Let’s face it, we all like to hear our own voices. From quite a young age, we are taught to be experts. We learn how to tell stories, give advice, make decisions, give presentations. This starts in school and is reinforced as we join the workplace and become leaders. But how much time is spent learning how to question? How to really listen?
Real conversation is bi-directional. The very best way to engage others in conversation is to really be interested- which involves really listening to what is being said and then asking questions. Here are just a few ideas for improving your listening and questioning skills:
1) Don’t try to multi-task: We live in a world of distractions. But to really listen, we need to put away all the distractions, put our phones away, turn off the voices in our heads reminding us of the 200 other tasks we have to complete before the end of the day, and really hear what the other person is saying to us.
2) Take notes: Turns out that when you doodled in your notebook margins during class as a teenager, it probably was helping you listen more carefully to your history teacher. Recent research shows that writing things down, even doodling, can help you concentrate.

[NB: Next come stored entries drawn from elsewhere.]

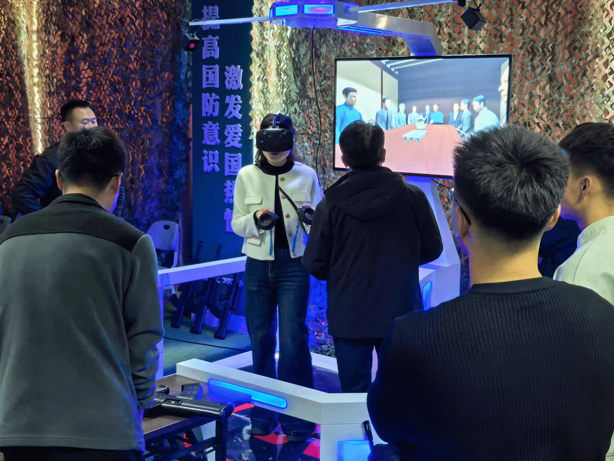 国防教育实践基地,师生们详细了解了该校将国防教育、心理健康教育与新生军训有机融合的创新做法。基地设有体能训练区、心理挑战区、模拟射击区及VR红色教育体验区,为学生提供了寓教于乐、以训促教的国防教育新模式。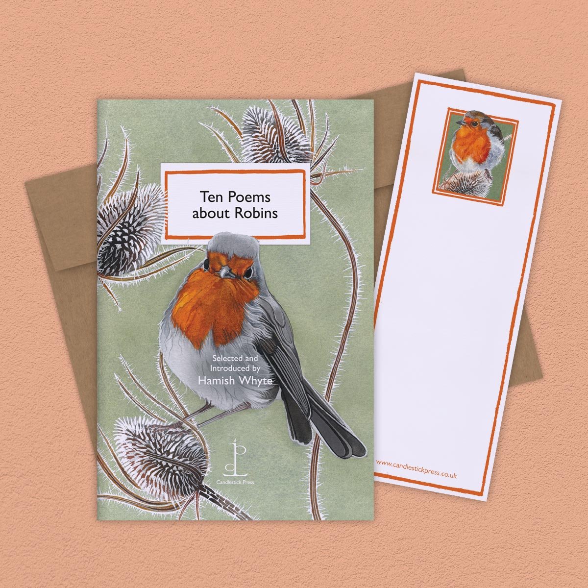 Postcard included with the Ten Poems about Robins poetry pamphlet on a decorative background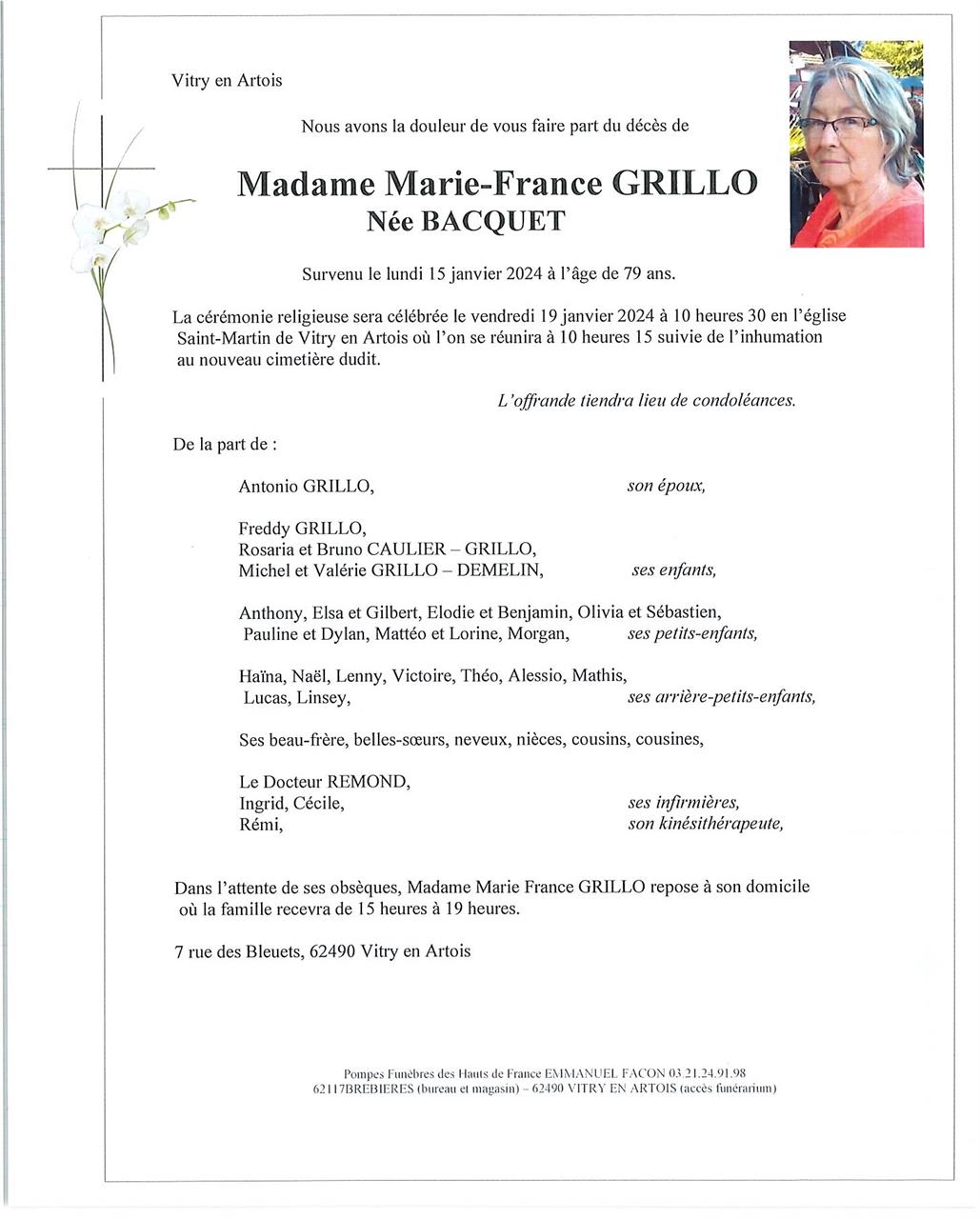 Madame Marie-France GRILLO née BACQUET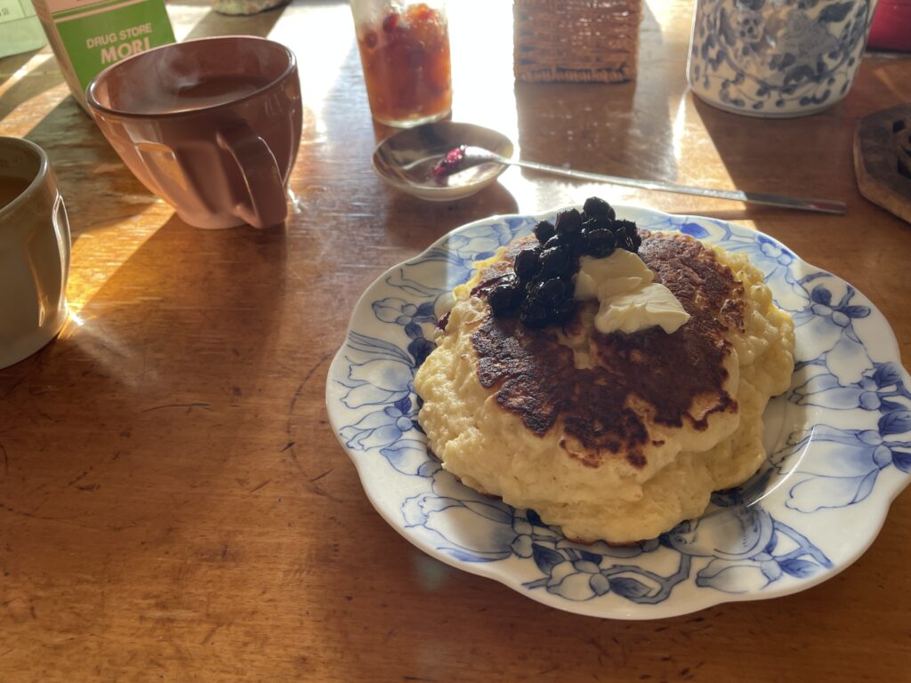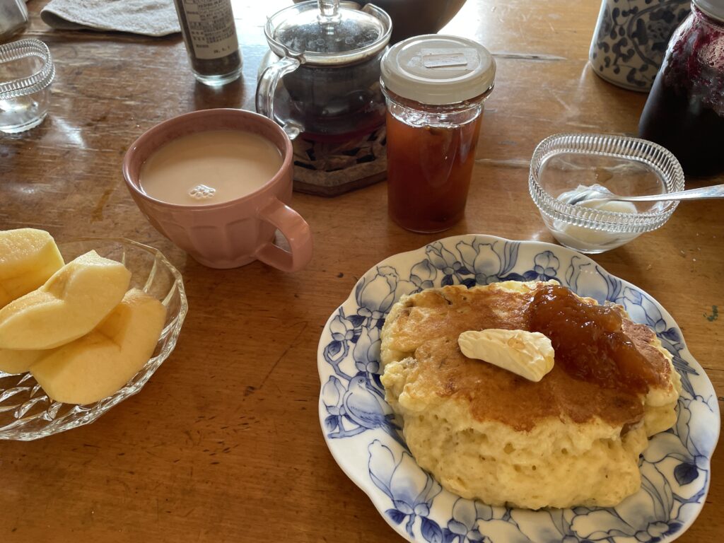 オンライン講座は夜からなので、朝は余裕です。ホットケーキには栗が入っており、それに無花果のジャムをゴッソリ振りかけて食べてます。オンライン講座は4回目が無事終了しました。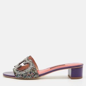 Carolina Herrera Silver Glitter Slides Sandals Size 41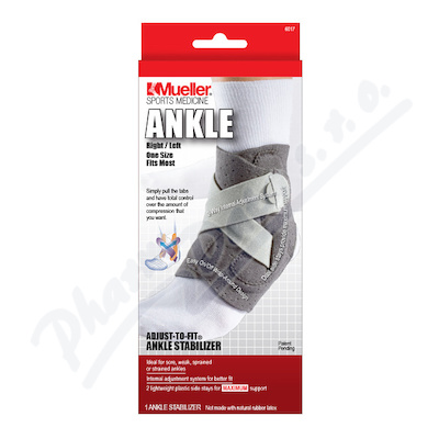 Produktová řada Mueller Adjust-To-Fit® pomáhá zabránit dalšímu zranění tím, že omezuje rozsah pohybu a urychluje tak zotavení. Patentované, nastavitelné vnitřní popruhy poskytují komfortní zpevnění kotníku a snadno se uchycují.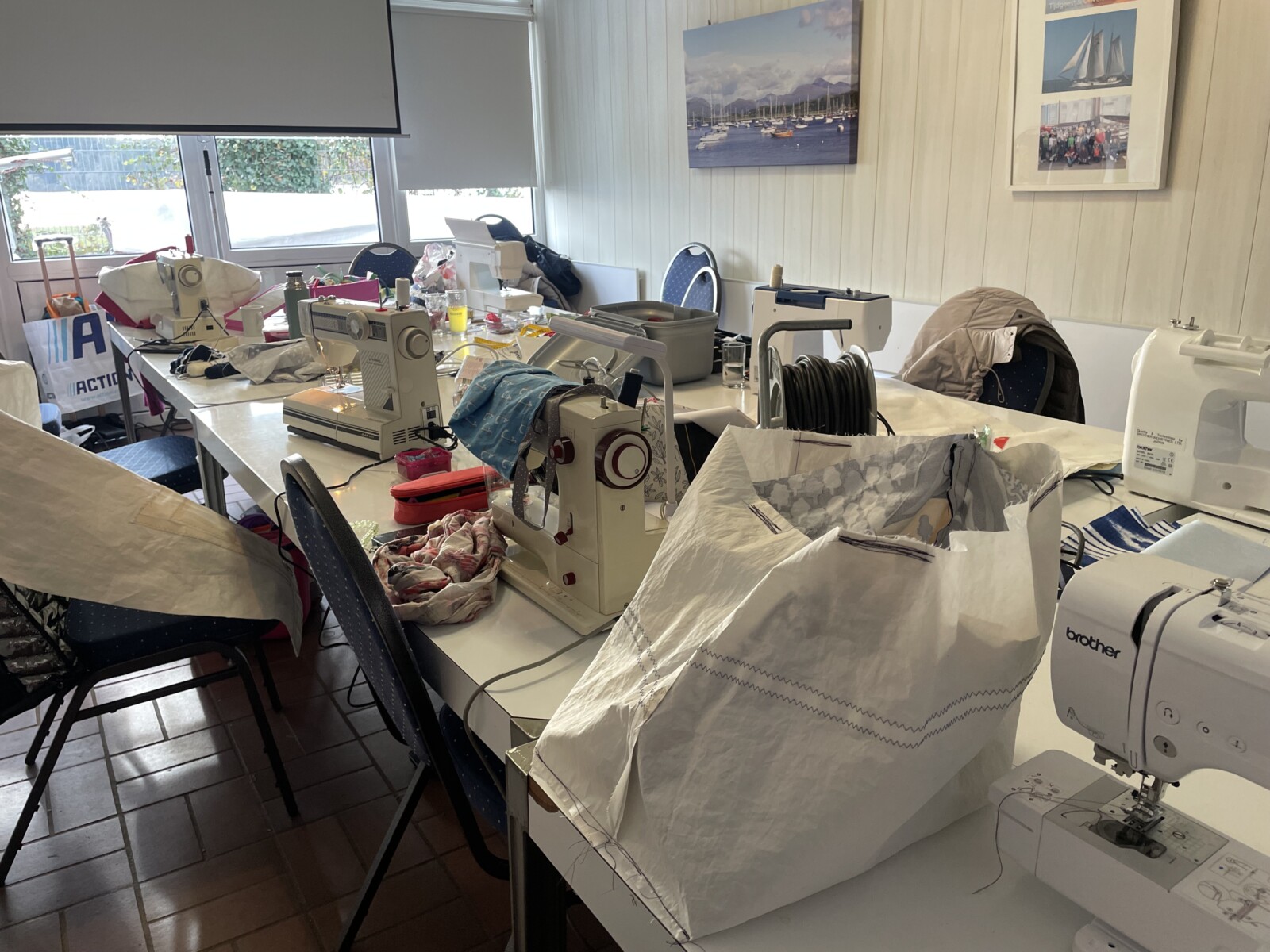 Bis 17 Uhr herrschte ein emsiges und harmonisches Treiben an den Tischen des Zuschneidens nach Schablonen für Segel und attraktiven Stoffresten (von Dagmar herangetragen) und an dem verlängerten Nähtisch wurden 10 Nähmaschinen von ihren Besitzerinnen zum Zurren gebracht, begleitet von Dagmars und Danielas fachlicher Unterstützung, sowie von angenehmer Hintergrundmusik.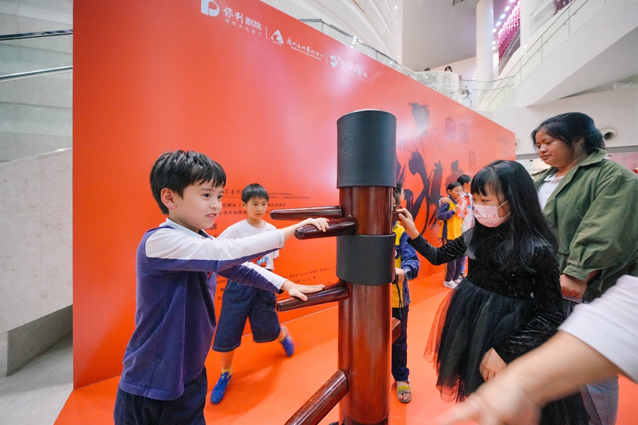 劇組在劇院外設置的木人樁吸引了不少觀眾前來體驗。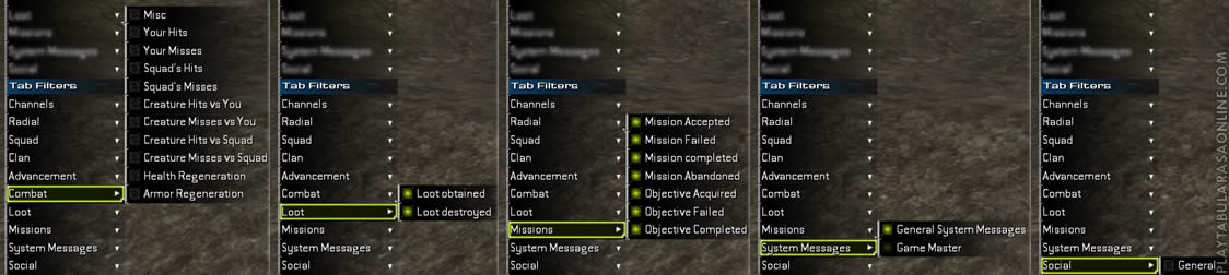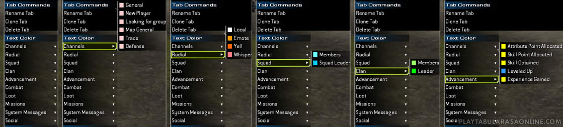 - Right-clicking the tabs brings up a whole drop down menu of options to help make your chatting experience in Tabula Rasa a little bit more pleasant.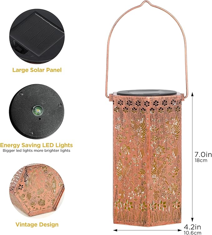 - Perfect Garden Decorations: Kyoryuger solar lantern can project unique and beautiful patterns in a dim environment, creating a gorgeous and warm atmosphere to bring life and fun to your garden and attract your family or friends. The unique hollow out design and beautiful antique bronze color give it an artistic touch, perfect for decorating gardens, backyards, corners, Outside, sidewalks and many other scenes.

3) Listen to understand, not reply: When we listen, we often are trying to think of the next clever question we can ask. Instead, we should focus on really understanding what is being said. If we do this, the best questions will come naturally.
4) Repeat back: We can both show the person who’s speaking that we’re listening, and ensure we’re on the right page, but paraphrasing what is being said to us. Often this repetition not only helps us as a listener, it helps the speaker become even clearer on what he or she is communicating.
5) Listen for intent: Sometimes people don’t say what they mean. This might be because they haven’t sorted it out themselves yet, but this can also be because they aren’t yet comfortable articulating it. If you really listen deeply, not only to the specific words being used, but also the body language and the tone, you can understand more.
Be interested, not interesting. Ironically, the less we talk about ourselves and listen to others, the more interesting people think we are.